Cylindrical Convolutional Networks for Joint Object Detection and Viewpoint Estimation
This addresses the challenge of severe viewpoint changes in object detection for computer vision applications, but it is incremental as it builds on existing 2D methods.
The paper tackled the problem of limited spatial invariance in 2D convolutional neural networks for object detection and viewpoint estimation by introducing cylindrical convolutional networks (CCNs) that use 3D cylindrical kernels, resulting in improved performance on joint tasks.
Existing techniques to encode spatial invariance within deep convolutional neural networks only model 2D transformation fields.
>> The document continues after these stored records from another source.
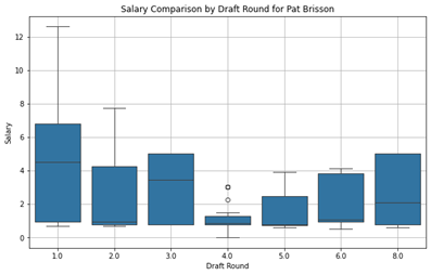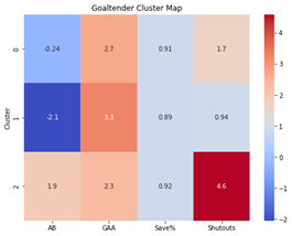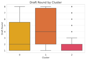 The boxplot for draft round by cluster indicates a clear distinction in where different types of players are typically selected in the NHL Draft. High-impact players in Cluster 2 are overwhelmingly early-round selections, with most being drafted in the first or second round. This aligns with expectations, as teams prioritize elite talent at the top of the draft, and these players are the ones who go on to become franchise cornerstones. The narrow range in Cluster 2 suggests that very few late-round picks or undrafted players reach this level of impact, reinforcing the importance of securing top-tier talent through early draft selections.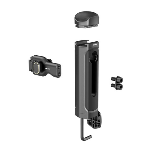 Diseñado para teléfonos de entre 2,5 y 3,5″ de ancho, el kit de vídeo todo en uno para creadores de smartphones (Quick Basic Edition) ofrece una solución eficiente y compacta para la grabación de vídeos profesionales con smartphones. Este kit incluye una jaula de liberación rápida universal para smartphones y un asa lateral de liberación rápida con un control inalámbrico desmontable que funciona con tecnología de 2,4 GHz y tiene un alcance de hasta 32,8′. El diseño de la jaula presenta múltiples orificios roscados de 1/4″-20 y soportes para zapata fría, lo que permite a los usuarios colocar una amplia gama de accesorios. Además, permite colocar filtros magnéticos de 67 mm y cuenta con un orificio para correa de hombro y una ranura de montaje en base. La jaula se puede fijar de forma segura a su teléfono mediante el accesorio MagSafe o un clip para teléfono. El asa lateral de liberación rápida se puede colocar y quitar rápidamente y puede funcionar como asa lateral y superior, según cómo se monte.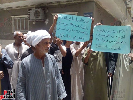 احتجاجا على قرار محكمة جنح بندر المنيا بتجديد حبس المتهمين. وقال إسماعيل سيد محامى المتهمين، إن النيابة أصدرت أكثر من أمر ضبط وإحضار للمتهمين الأقباط والمتهمين بحرق عدد من منازل من المسلمين ولم يتم القبض عليهم فى حين أن عددا من المحبوسين من المسلمين من ذوى الإعاقة والمرضى، ورفضت المحكمة إخلاء سبيلهم بضمان مالى على ذمة القضية.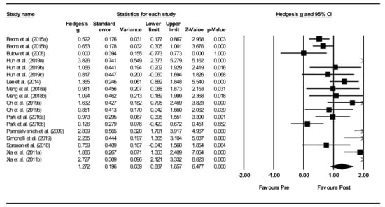 PES within intervention group pre-post meta-analysis [58,62,65,66,68].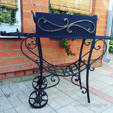 Легко транспортируемый мангал для жарки мяса на отдыхе. С помощью колес, мангал без труда может быть перемещен. Мангал оборудован боковыми подставками для шампуром и продуктов для приготовления пищи. Красивая ковка придаст Вашему участку неповторимый стиль. Высокое качество материала гарантирует долгий срок эксплуатации мангала.

This does not account for the fact that objects in a 2D space are a projection of 3D ones, and thus they have limited ability to severe object viewpoint changes. To overcome this limitation, we introduce a learnable module, cylindrical convolutional networks (CCNs), that exploit cylindrical representation of a convolutional kernel defined in the 3D space. CCNs extract a view-specific feature through a view-specific convolutional kernel to predict object category scores at each viewpoint. With the view-specific feature, we simultaneously determine objective category and viewpoints using the proposed sinusoidal soft-argmax module. Our experiments demonstrate the effectiveness of the cylindrical convolutional networks on joint object detection and viewpoint estimation.